2024年のOSCE議長国に関する議論の結果、ロシアは最終的にマルタの立候補に同意した。オーストリアとスイスは立候補しなかった。マルタはNATOと緊密に連携しているが、正式には加盟していないという事実も決定の一因となった。OSCEの事務総長と3つの主要事務所の責任者の任期については、9カ月間だけ延長することで合意し、来年9月に4人全員の再選挙を求めた。2021年以降、われわれは、われわれの提案が考慮されない限り、機構の本格的な予算採択を承認することを拒否しており、スコピエでは、西側諸国がロシアとベラルーシに原則的な立場を放棄するよう説得することはできなかった。OSCEは当分の間、暫定予算で運営を続けることになるが、年末までに西側諸国の代表がこの問題の解決に向けて新たな努力をすることはほぼ間違いないだろう。
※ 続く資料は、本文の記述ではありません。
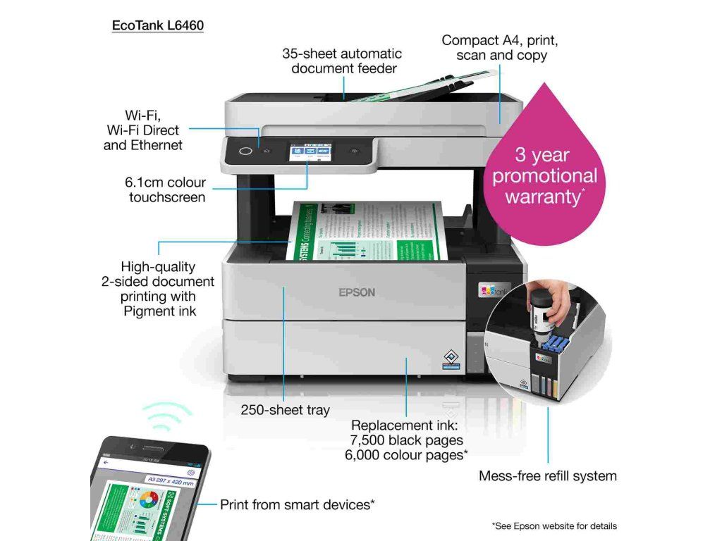 EPSON tiskárna ink EcoTank L6460, 3v1, A4, 1200x4800dpi, 37ppm, USB, Duplex,Záruka 5 let po registraci zdarma
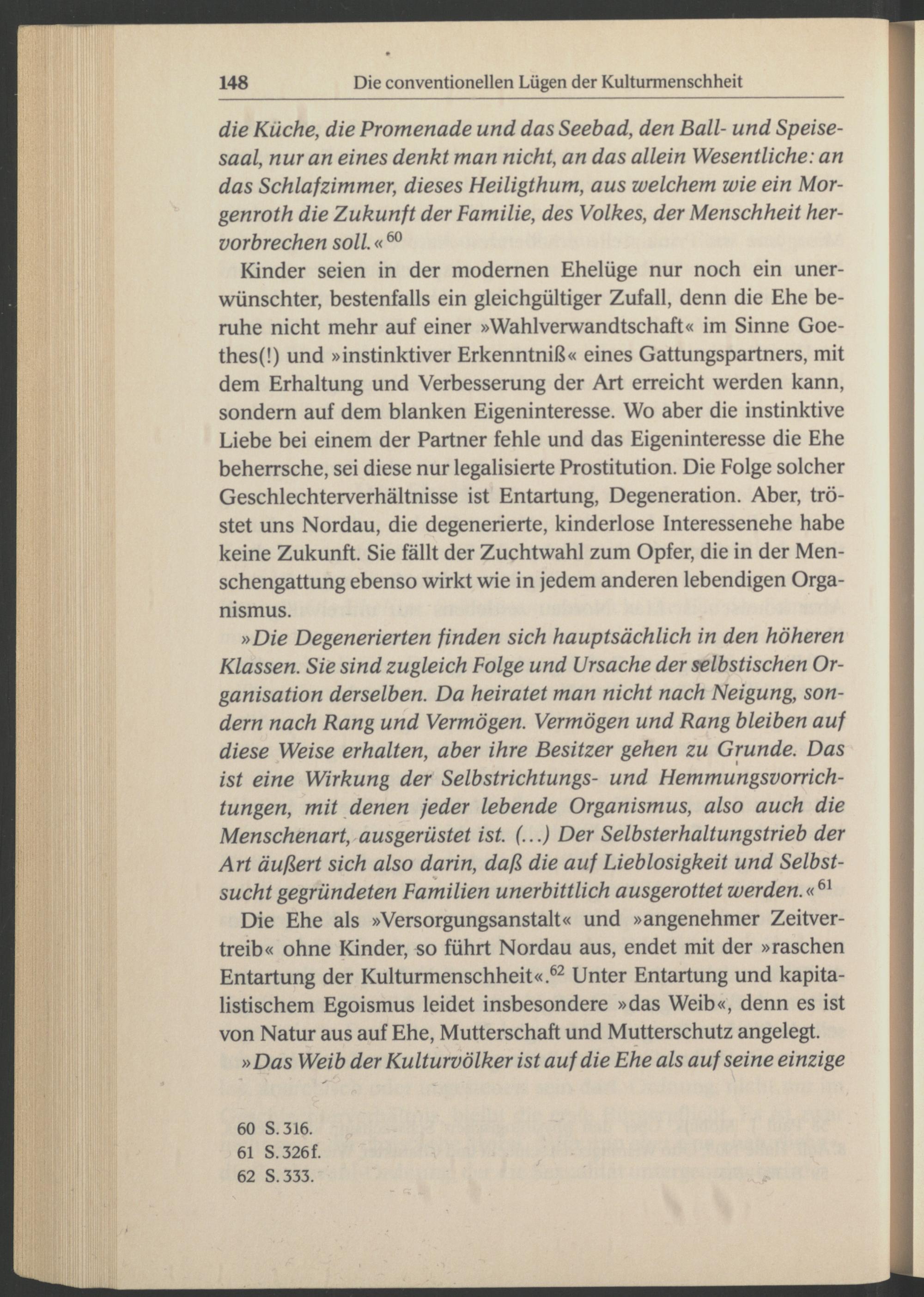 Kinder seien in der modernen Ehelüge nur noch ein unerwünschter, bestenfalls ein gleichgültiger Zufall, denn die Ehe beruhe nicht mehr auf einer »Wahlverwandtschaft« im Sinne Goe- thes(!) und »instinktiver Erkenntnis« eines Gattungspartners, mit dem Erhaltung und Verbesserung der Art erreicht werden kann, sondern auf dem blanken Eigeninteresse. Wo aber die instinktive Liebe bei einem der Partner fehle und das Eigeninteresse die Ehe beherrsche, sei diese nur legalisierte Prostitution. Die Folge solcher Geschlechterverhältnisse ist Entartung, Degeneration. Aber, tröstet uns Nordau , die degenerierte, kinderlose Interessenehe habe keine Zukunft. Sie fällt der Zuchtwahl zum Opfer, die in der Menschengattung ebenso wirkt wie in jedem anderen lebendigen Organismus.

OSCEの閣僚会議の最後に、現議長のブジャール・オスマニ北マケドニア外相が重要な発言をした。彼は、ロシアをOSCEから排除する議論を続けることには意味がないと強調し、普遍的合意の原則はロシアなしでは機能しないと付け加えた。

これは、スコピエでの会議で得られた数少ない合意のひとつである。ここ数年、閣僚理事会は過去とは異なり、OSCEの3つの主要活動分野のいずれにおいても、OSCEの活動に関する決定を採択することができず、このことは改めて、OSCEを苦しめている危機とその退廃状態を浮き彫りにしている。一方、閣僚会合後、集団安全保障条約機構加盟国の代表団団長は共同声明を採択し、集団安全保障条約機構の有効性を高め、前向きで統一的な問題を模索・促進し、相互の関心事である安全保障問題の解決に向けて、イデオロギーにとらわれない現実的な対話のムードを醸成する必要性を訴えた。

2025年にはヘルシンキ最終法が50周年を迎えるが、その記念すべき年にフィンランドがOSCEの議長国を務めることがすでに決定している。しかし、OSCEは危機的な状況にある悲惨な状態でこの記念すべき年を迎えようとしており、大陸での協力を強化するための統一的な措置を成功させる見込みは依然として乏しい。OSCEが共通の利益を考慮し、前向きで統一的なアジェンダに従って活動しない限り、OSCEは崩壊する運命にある。